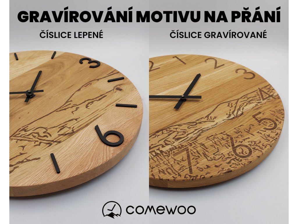 - základní hodiny lze různě "dozdobit" na přání (firemní logo, gravírovaný motiv nebo kresba dle zaslaných podkladů)
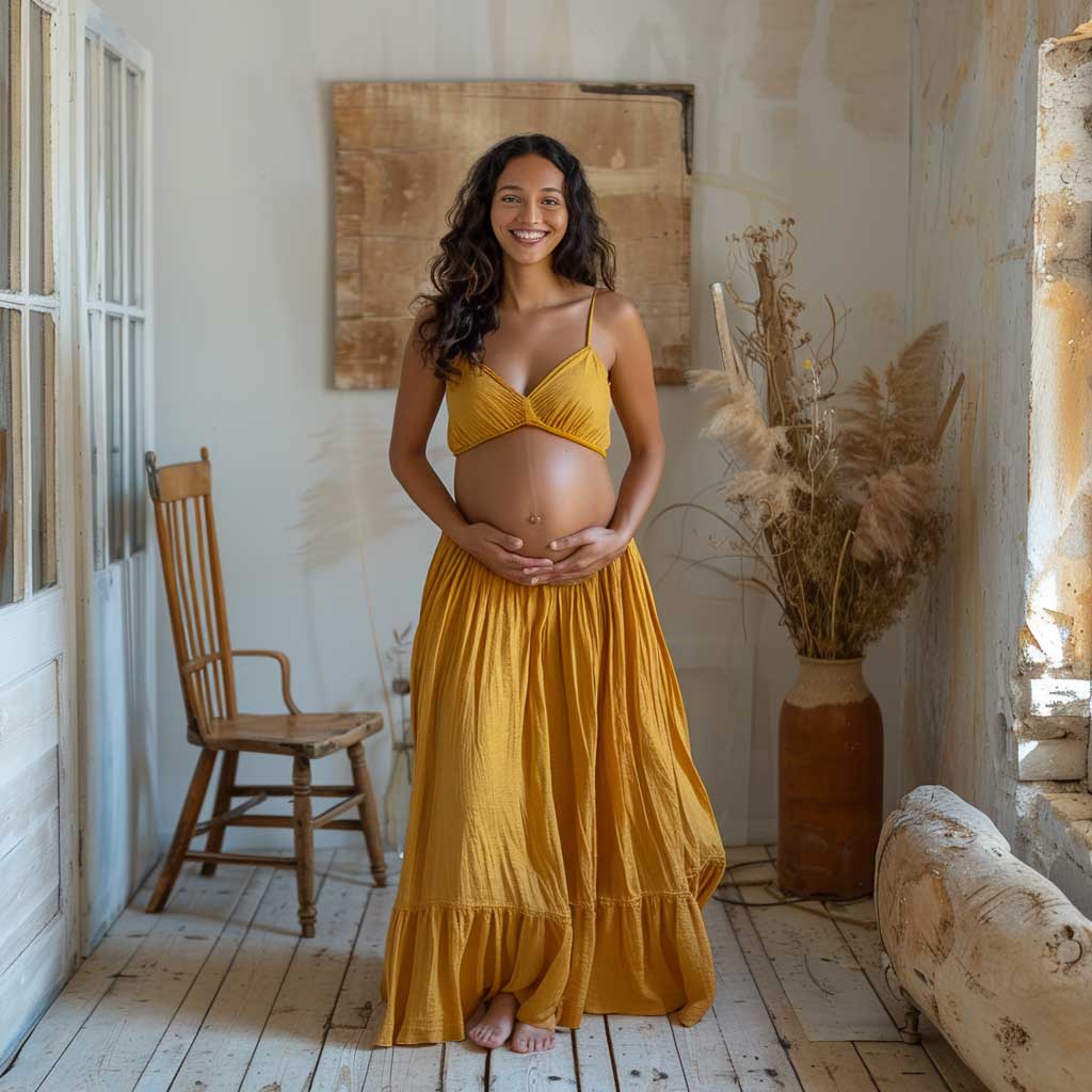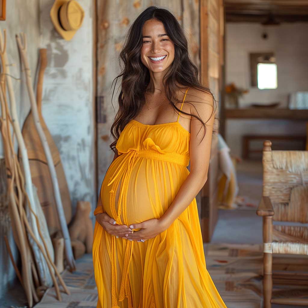 A sundress in sunny yellow not only enhances the visual appeal of your maternity wardrobe but also has the power to uplift your mood. The color yellow is often associated with happiness, optimism, and warmth, which can be especially beneficial during the more challenging days of pregnancy. Wearing bright and cheerful clothing can positively impact your mindset, making you feel more energetic and upbeat.
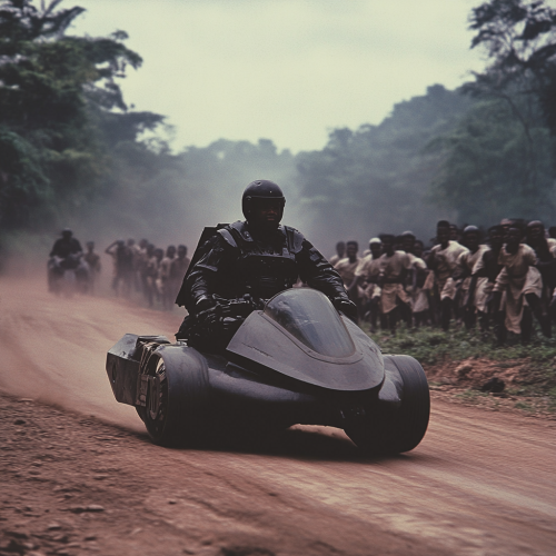 A panoramic photograph taken in 1989, a tall black male modern special forces marine riding a futuristic hoover motorcycle down dirt road in with white colonial people on each side of the road.

******

*Exercise directions:*
Please print the listing above again word for word, without its pictures.

*Result:*
 - základní hodiny lze různě "dozdobit" na přání (firemní logo, gravírovaný motiv nebo kresba dle zaslaných podkladů)
 A sundress in sunny yellow not only enhances the visual appeal of your maternity wardrobe but also has the power to uplift your mood. The color yellow is often associated with happiness, optimism, and warmth, which can be especially beneficial during the more challenging days of pregnancy. Wearing bright and cheerful clothing can positively impact your mindset, making you feel more energetic and upbeat.
 A panoramic photograph taken in 1989, a tall black male modern special forces marine riding a futuristic hoover motorcycle down dirt road in with white colonial people on each side of the road.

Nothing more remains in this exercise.